All the above evidence strongly supports CD4⁺ Tregs could serve as a sensitive biomarker and also a potential therapeutic target for stroke therapy. However, as an immune suppressive T-cell subset, CD4⁺Tregs could exacerbate cancer progression, which raises a concern for the translation of Treg-based stroke therapy, especially in cancer-bearing stroke patients. Recent evidence suggests that in cancer-bearing stroke mice, CD4⁺ Tregs could be recruited into the tumor, thus attenuate their protection of the blood-brain barrier after stroke.¹⁰ Importantly, with the aging of the population, the number of cancer patients is continuously rising. Therefore, cancer-related immune response is emerging as a noteworthy clinical issue for stroke patients. Considering the importance of the regulatory lymphocytes in the severity of ischemic stroke, developing blood-based biomarkers targeting above mentioned regulatory immune cells could provide valuable and easily accessible predictive tool to predict stroke outcome and improve stroke patient management.

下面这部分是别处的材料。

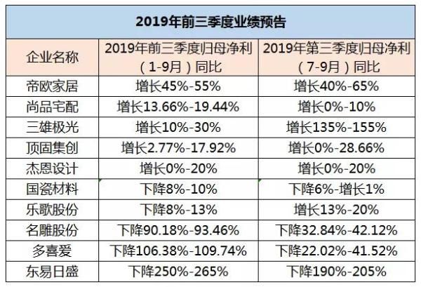 帝欧家居前三个季度增长幅度最大,增长45%-55%,自称是帝王与欧神诺两家公司的融合协同,借房地产精装房之势,零售模式革新和渠道下沉导致经营业绩增长。
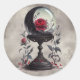 Pegatina Redonda Boudoir | Crystal Ball Crescent Moon Roses rojos

急性缺血性中风是世界范围内导致死亡和残疾的主要原因之一，它诱导淋巴细胞的深度激活，这可能与缺血性脑损伤相互作用并显着影响中风病理学。同时，中风在罹患恶性肿瘤的高风险老年人中很常见。由于淋巴细胞免疫反应参与肿瘤进展和缺血产生的脑损伤，因此中风和癌症之间可能存在值得注意的相互作用。例如，缺血性大脑可以诱导免疫抑制反应，从而促进癌症进展并引发胎儿感染，从而严重影响中风患者的预后和生存。所以，

淋巴细胞在脑卒中后适应性免疫反应的病理机制中起重要作用。在短暂的大脑中动脉闭塞 (tMCAO) 的数小时内，T 淋巴细胞浸润到大脑并聚集在梗塞区域的边界附近。特别是CD4 ⁺ T细胞在24小时内浸润到缺血性脑中，再灌注后72小时达到峰值，从而诱发脑损伤并加剧神经炎症。¹细胞毒性 CD8 ⁺ T 细胞最早可在中风后 3 小时被募集到大脑中，并且可通过诱导神经元轴突的脱髓鞘作用在缺血性中风后数周内加剧神经功能缺损。²为了避免神经炎症过度激活，身体具有自我限制机制来抵消大脑中 T 细胞介导的免疫反应。免疫调节细胞的激活，例如调节性 T 细胞 (Tregs) 和调节性 B 细胞 (Bregs)，代表了关键的自限机制之一。^{3, 4}调节性B细胞是具有免疫调节功能的B淋巴细胞亚群，在维持免疫耐受和抑制有害免疫反应方面具有重要作用。Bregs 可以限制小鼠实验性中风的 CNS 炎症和神经功能缺损。^4个CD4 ⁺ Tregs只占CD4+的5 ^%T 细胞与多种炎症反应通路相关，对缺血性卒中后的炎症反应具有神经保护作用，IL-10 信号传导在 Treg 细胞的免疫调节中至关重要。⁵因此，Treg 细胞是缺血性中风后炎症性脑损伤的重要调节剂。CD8 ⁺ Treg 是 T 细胞的一小部分，近年来受到越来越多的关注。它已被证明在控制多种自身免疫性疾病中发挥重要作用，例如 CD4 ⁺细胞诱导的结肠炎、实验性自身免疫性脑脊髓炎、实验性炎症性肠病和自身免疫性 1 型糖尿病。但是，CD8 ^+的作用 尚未报道缺血性脑损伤中的 Tregs。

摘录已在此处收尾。